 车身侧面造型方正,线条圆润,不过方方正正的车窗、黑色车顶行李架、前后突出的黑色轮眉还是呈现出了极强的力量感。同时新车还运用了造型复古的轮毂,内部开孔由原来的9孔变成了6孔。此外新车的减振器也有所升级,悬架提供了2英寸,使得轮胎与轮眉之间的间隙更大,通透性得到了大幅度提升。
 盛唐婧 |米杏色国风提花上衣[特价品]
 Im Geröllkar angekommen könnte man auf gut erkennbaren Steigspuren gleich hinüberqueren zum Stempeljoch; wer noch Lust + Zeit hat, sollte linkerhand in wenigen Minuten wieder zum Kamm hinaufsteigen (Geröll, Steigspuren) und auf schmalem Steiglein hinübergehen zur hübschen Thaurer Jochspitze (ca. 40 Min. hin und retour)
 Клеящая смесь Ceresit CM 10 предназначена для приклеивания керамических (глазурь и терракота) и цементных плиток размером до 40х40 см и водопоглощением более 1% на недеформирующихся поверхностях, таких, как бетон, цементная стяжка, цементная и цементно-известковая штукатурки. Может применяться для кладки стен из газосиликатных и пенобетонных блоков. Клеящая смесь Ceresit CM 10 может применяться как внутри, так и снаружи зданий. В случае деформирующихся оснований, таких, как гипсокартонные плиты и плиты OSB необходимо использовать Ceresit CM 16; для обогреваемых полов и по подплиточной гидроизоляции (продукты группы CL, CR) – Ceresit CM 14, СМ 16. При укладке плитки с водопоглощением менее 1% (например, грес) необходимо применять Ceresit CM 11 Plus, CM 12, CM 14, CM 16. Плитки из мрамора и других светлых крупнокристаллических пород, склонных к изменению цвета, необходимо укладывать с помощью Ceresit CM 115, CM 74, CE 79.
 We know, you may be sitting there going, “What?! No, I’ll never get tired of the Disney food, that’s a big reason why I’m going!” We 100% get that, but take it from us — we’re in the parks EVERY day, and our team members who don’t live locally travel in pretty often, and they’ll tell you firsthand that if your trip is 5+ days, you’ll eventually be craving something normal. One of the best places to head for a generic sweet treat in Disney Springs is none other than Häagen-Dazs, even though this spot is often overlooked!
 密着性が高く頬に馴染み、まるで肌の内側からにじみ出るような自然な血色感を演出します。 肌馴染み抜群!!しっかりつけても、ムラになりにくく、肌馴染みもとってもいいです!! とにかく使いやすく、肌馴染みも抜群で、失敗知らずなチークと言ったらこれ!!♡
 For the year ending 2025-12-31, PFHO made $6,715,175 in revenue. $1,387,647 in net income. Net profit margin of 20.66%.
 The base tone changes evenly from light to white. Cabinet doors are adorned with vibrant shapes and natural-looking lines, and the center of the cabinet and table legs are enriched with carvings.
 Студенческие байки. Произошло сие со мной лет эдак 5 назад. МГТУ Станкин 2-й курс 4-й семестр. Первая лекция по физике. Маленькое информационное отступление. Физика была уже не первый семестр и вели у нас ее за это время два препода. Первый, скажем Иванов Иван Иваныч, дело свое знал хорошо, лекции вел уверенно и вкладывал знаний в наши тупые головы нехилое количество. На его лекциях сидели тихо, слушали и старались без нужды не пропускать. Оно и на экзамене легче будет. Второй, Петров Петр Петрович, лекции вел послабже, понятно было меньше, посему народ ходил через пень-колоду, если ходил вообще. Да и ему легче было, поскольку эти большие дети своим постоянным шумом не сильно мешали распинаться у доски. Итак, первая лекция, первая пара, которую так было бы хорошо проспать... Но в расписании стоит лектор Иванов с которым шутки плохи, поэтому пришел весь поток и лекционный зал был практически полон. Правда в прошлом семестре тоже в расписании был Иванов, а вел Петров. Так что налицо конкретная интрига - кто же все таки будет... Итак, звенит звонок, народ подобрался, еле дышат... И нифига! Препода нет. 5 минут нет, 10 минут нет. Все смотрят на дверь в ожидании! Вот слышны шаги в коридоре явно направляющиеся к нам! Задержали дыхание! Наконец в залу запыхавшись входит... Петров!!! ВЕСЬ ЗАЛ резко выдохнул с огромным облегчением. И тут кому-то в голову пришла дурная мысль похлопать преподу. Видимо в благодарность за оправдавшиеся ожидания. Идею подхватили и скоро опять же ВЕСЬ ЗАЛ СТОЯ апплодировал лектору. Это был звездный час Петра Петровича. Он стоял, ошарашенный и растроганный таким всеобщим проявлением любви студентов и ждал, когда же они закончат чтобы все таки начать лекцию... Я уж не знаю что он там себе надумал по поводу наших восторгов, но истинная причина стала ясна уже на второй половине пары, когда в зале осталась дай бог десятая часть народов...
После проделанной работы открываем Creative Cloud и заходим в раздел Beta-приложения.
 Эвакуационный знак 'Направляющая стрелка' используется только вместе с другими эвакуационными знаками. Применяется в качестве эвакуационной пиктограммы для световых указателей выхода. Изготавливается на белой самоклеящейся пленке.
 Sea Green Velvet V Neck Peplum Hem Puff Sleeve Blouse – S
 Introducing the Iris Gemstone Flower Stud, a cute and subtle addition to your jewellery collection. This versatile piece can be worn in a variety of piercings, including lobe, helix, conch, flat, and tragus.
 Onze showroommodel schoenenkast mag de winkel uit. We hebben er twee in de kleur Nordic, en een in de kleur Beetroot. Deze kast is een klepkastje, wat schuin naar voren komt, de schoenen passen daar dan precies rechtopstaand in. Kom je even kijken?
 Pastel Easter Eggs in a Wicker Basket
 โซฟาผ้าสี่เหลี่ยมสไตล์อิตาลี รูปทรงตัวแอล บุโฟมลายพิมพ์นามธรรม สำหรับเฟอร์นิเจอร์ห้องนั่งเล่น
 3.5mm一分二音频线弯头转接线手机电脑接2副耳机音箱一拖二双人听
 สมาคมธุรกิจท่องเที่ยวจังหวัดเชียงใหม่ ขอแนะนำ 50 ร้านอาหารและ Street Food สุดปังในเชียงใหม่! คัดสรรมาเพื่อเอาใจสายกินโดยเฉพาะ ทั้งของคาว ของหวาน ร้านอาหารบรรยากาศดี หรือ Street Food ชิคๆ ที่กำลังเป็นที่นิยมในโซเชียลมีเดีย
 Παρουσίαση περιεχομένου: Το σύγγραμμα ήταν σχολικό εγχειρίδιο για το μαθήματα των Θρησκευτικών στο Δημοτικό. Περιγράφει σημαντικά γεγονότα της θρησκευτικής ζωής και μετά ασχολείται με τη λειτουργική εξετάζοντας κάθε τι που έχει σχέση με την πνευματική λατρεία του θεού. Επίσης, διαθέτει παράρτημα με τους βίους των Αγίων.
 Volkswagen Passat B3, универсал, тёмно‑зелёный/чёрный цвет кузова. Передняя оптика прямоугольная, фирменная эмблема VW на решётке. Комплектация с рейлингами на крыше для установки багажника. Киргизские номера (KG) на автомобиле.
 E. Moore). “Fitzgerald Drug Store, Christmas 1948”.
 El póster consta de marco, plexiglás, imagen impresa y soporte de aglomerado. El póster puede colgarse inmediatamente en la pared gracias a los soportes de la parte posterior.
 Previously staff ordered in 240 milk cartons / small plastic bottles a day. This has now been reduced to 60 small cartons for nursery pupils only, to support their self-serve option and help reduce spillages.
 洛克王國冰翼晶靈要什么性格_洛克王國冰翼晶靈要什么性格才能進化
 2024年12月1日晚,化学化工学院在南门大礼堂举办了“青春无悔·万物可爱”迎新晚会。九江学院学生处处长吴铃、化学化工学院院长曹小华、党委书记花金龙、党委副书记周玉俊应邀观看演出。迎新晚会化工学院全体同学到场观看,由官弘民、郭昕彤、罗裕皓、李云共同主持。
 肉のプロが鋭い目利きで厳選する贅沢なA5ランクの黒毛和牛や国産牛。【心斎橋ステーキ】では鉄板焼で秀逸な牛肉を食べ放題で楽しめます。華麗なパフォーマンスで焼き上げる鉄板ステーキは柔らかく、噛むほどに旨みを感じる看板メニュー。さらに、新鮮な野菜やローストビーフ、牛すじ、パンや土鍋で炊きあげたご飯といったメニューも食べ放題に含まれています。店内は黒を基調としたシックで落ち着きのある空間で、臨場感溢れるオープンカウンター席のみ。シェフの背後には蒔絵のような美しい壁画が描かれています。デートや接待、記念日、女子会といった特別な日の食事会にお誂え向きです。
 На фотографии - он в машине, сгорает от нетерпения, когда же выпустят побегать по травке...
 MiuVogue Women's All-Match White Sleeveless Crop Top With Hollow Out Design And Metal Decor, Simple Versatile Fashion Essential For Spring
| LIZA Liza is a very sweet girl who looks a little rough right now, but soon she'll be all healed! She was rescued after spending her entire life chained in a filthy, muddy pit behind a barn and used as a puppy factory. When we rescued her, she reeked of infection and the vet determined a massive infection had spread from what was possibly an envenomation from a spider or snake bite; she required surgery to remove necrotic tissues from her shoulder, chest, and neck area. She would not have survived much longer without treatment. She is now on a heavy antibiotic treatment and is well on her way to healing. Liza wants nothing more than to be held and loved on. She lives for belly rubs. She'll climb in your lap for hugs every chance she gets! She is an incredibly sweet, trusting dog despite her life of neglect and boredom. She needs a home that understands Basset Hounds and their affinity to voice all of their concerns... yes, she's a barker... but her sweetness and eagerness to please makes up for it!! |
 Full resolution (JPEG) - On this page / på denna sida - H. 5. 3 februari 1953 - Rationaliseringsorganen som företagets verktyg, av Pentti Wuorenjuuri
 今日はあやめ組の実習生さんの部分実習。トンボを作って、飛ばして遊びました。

+---+

Brief => When you reach the line in the material above that holds "Эвакуационный знак 'Направляющая", begin reproducing lines exactly, and stop after the line that holds "El póster consta".

Result of this exercise =>
 Эвакуационный знак 'Направляющая стрелка' используется только вместе с другими эвакуационными знаками. Применяется в качестве эвакуационной пиктограммы для световых указателей выхода. Изготавливается на белой самоклеящейся пленке.
 Sea Green Velvet V Neck Peplum Hem Puff Sleeve Blouse – S
 Introducing the Iris Gemstone Flower Stud, a cute and subtle addition to your jewellery collection. This versatile piece can be worn in a variety of piercings, including lobe, helix, conch, flat, and tragus.
 Onze showroommodel schoenenkast mag de winkel uit. We hebben er twee in de kleur Nordic, en een in de kleur Beetroot. Deze kast is een klepkastje, wat schuin naar voren komt, de schoenen passen daar dan precies rechtopstaand in. Kom je even kijken?
 Pastel Easter Eggs in a Wicker Basket
 โซฟาผ้าสี่เหลี่ยมสไตล์อิตาลี รูปทรงตัวแอล บุโฟมลายพิมพ์นามธรรม สำหรับเฟอร์นิเจอร์ห้องนั่งเล่น
 3.5mm一分二音频线弯头转接线手机电脑接2副耳机音箱一拖二双人听
 สมาคมธุรกิจท่องเที่ยวจังหวัดเชียงใหม่ ขอแนะนำ 50 ร้านอาหารและ Street Food สุดปังในเชียงใหม่! คัดสรรมาเพื่อเอาใจสายกินโดยเฉพาะ ทั้งของคาว ของหวาน ร้านอาหารบรรยากาศดี หรือ Street Food ชิคๆ ที่กำลังเป็นที่นิยมในโซเชียลมีเดีย
 Παρουσίαση περιεχομένου: Το σύγγραμμα ήταν σχολικό εγχειρίδιο για το μαθήματα των Θρησκευτικών στο Δημοτικό. Περιγράφει σημαντικά γεγονότα της θρησκευτικής ζωής και μετά ασχολείται με τη λειτουργική εξετάζοντας κάθε τι που έχει σχέση με την πνευματική λατρεία του θεού. Επίσης, διαθέτει παράρτημα με τους βίους των Αγίων.
 Volkswagen Passat B3, универсал, тёмно‑зелёный/чёрный цвет кузова. Передняя оптика прямоугольная, фирменная эмблема VW на решётке. Комплектация с рейлингами на крыше для установки багажника. Киргизские номера (KG) на автомобиле.
 E. Moore). “Fitzgerald Drug Store, Christmas 1948”.
 El póster consta de marco, plexiglás, imagen impresa y soporte de aglomerado. El póster puede colgarse inmediatamente en la pared gracias a los soportes de la parte posterior.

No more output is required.